Fridlund & Cacioppo(1986)

Fridlund & Cacioppo (1986)

Guidelines for Human Electromyographic Research

Psychophysiology, 23, 567-589

Based on a survey from over 100 psychophysiologists experienced in EMG.

P568 ‘ The EMG signal is a quasi random train of motor unit action potentials discharged by the contraction of striate ( KRO check) muscle tissue. This signal train is characterized by a frequency range from several Hz to over 2 kHZ and by amplitudes ranging from fractions of a millivolt to several hundred microvolt’ p574 ‘ the raw or filtered EMG signal is a stochastic train of motor unit action potentials’ p576 ‘ the motor unit action potential is bipolar and asymmetrical about electrical zero’

Technical considerations

1 Noise

Video/computer/TV other lab or home based sources of interference

2. Electrodes

Ground at 1 point only

Advantage of surface ( Ag-AgCl0 electrodes – broad ( non-selective) detection of firings of aggregates of motor units that correlate well with the overall level of contraction of the muscle groups but can’t always attribute activation to a particular muscle. 0.25 cm with 1 cm between is recommended for facial muscles

Advantage of fine wire- ‘They do not obstruct small movements as much as surface electrodes. Many electrodes can be used simultaneously without hiding facial areas from camera view’

Electrode Placement

  • Avoid arrangements that straddle the motor endplate
  • Try to identify anatomical landmarks that are uniform between participants
  • Ease of attachment ( eg not too many skin folds)

Davis (1952) manual a good resource used by most researchers to date

Diagrams page 571

Orbicularis oculi inferior orbital portion (constricts the eye fissure ). The first electrode is attached 1 cms inferior to the exacanthion (outer commisure of the eye fissure). The second electrode is placed 1 cm medial to, and slightly inferior to, the first, so that the electrode pair runs parallel to the lower lip border’. ( ad hoc)

Zygomotor major ( pulls the lip corner up and back). One electrode is placed midway along an imaginary line joining the chellion and the preauricular depression ( the bony dimple above the posterior edge of the zygomatic arch) and the second electrode is placed 1 cm inferior and medial to the first ( i.e. toward the mouth) along the same imaginary line. ( based on available information)

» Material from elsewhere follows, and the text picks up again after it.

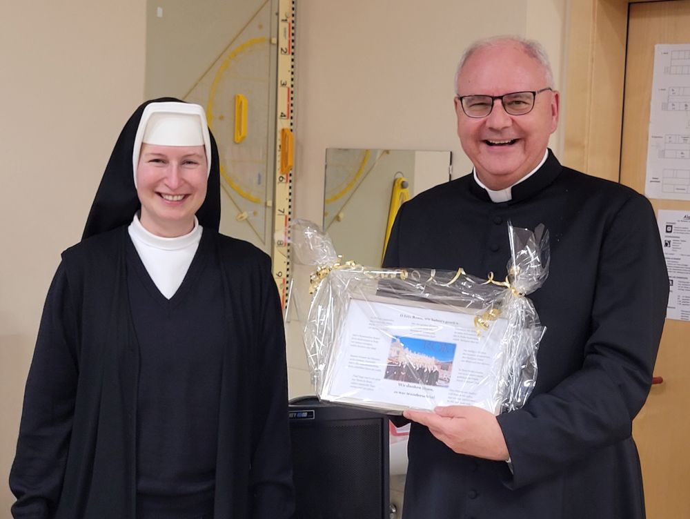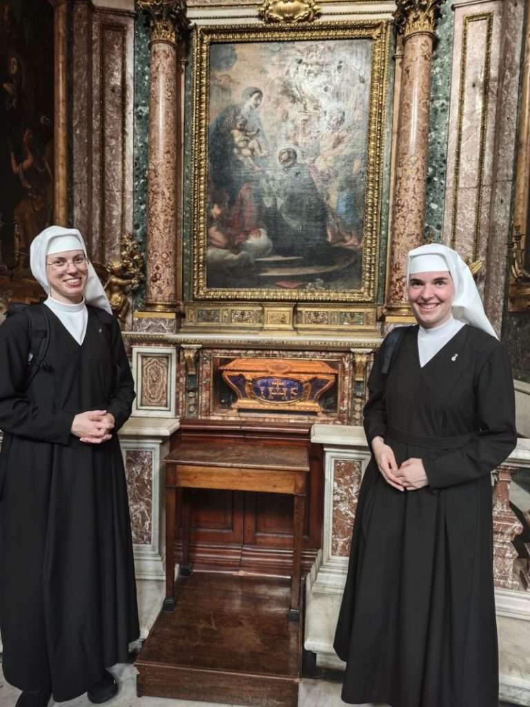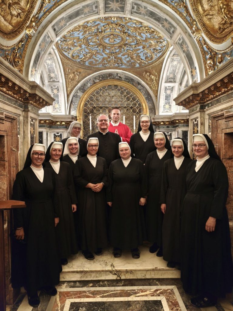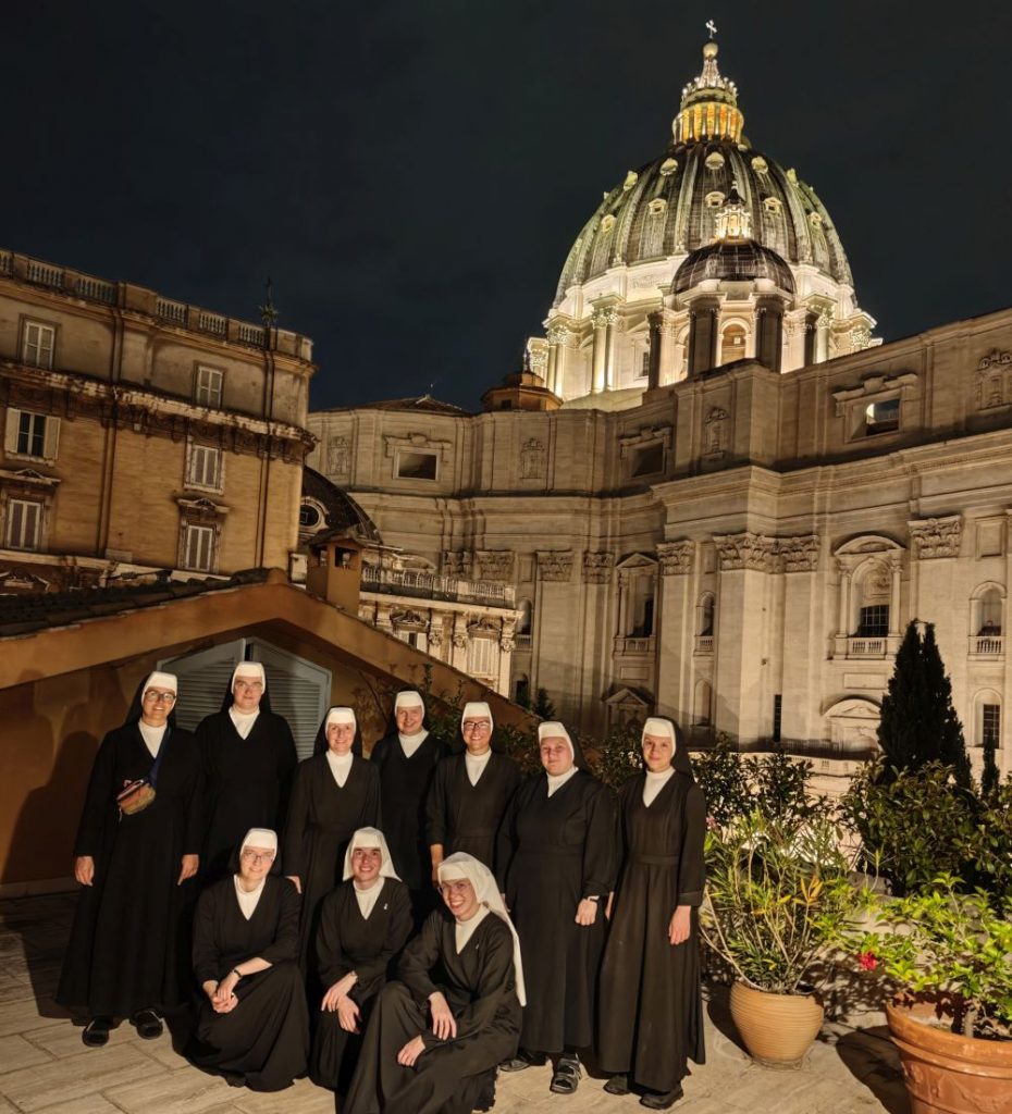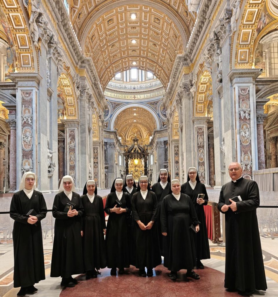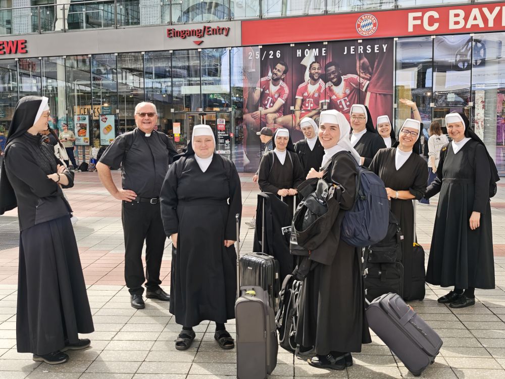 Dank Pfarrer Kilian Kemmer von Höchstadt, einem erfahrenen Rompilgerführer, hatten zehn Schwestern von uns Gelegenheit, vom 7. bis 12. September 2025 eine Heilig-Jahr-Wallfahrt nach Rom zu unternehmen. Der Flug verlief reibungslos. Quartier bezogen sie in der Nähe vom Campo Santo Teutonico im Vatikan. Einen ersten Abendspaziergang machten sie von der Engelsbrücke zum Petersdom. Sie trafen andere bayerische Pilger und stellten sich mit der Bayernfahne dem Fotografen. Am 2. Tag war das antike Rom an der Reihe mit dem Kapitol, dem Kolosseum, der Basilika San Clemente und der Lateranbasilika, wo sie die Heilige Pforte durchschritten. Der dritte Tag begann mit einer hl. Messe direkt am Grab des hl. Petrus. Die Teilnehmer beteten auch an den anderen Papstgräbern, z. B. bei Papst Benedikt XVI. Während der Führung im Petersdom war die Pieta von Michelangelo ein besonderes Erlebnis. Eine große Statue an einer Säule im Hauptschiff stellt unseren Ordensgründer, den hl. Pierre Fourier, dar. Die Kirche des hl. Philipp Neri und stand ebenfalls auf dem Programm der Pilger. Die Novizinnen freuten sich besonders über den Besuch der letzten Ruhestätte des hl. Stanislaus Kostka, des Patrons der Novizen, in Sant Andrea al Quirinale. Unvergesslich bleibt den Pilgern die hl. Messe in der Katakombe des hl. Callistus. Beeindruckend waren auch St. Paul vor den Mauern, Begräbnisort des hl. Paulus, und die Basilika Tre Fontane, der Ort des Martyriums des hl. Paulus. Erfüllt von vielen Eindrücken und geistlichen Anregungen kehrten unsere Schwestern zurück. Wir „Hinterbliebenen“ konnten uns mitfreuen und einen Eindruck bekommen am 24. Sept. 2025 beim Nachtreffen im Mutterhaus mit Pfr. Kemmer, wo eine Bilderpräsentation gezeigt und noch einmal das Gstanzl der Schwestern gesungen wurde.

Ground midline approx 3-4 cms superior to the upper borders of the inner brow.

Preparation

JFET amplifiers reduce the need for electrode site preparation

Measure resistance with voltmeter.

Relative advantage & disadvatage of monopolar versus bipolar recording

3. Filters

Primary energy 10-200 Hz, p573 ‘between 10-30 Hz power due in great part to the firing of motor units; beyond 30 Hz the shapes of the motor units action potentials are more important’ note p574 ‘preamplifier noise is most intrusive below 10 Hz and above 500-1000 Hz.’

P574 ‘ there may be implications for pass band selection for discriminating ‘fast’ versus ‘slow’ motor units, and for detecting ‘proximal’ versus ‘distal’ motor units

4. Recording & Presenting data

A/D conversion rate ( for my purposes need to be able to detect on and off)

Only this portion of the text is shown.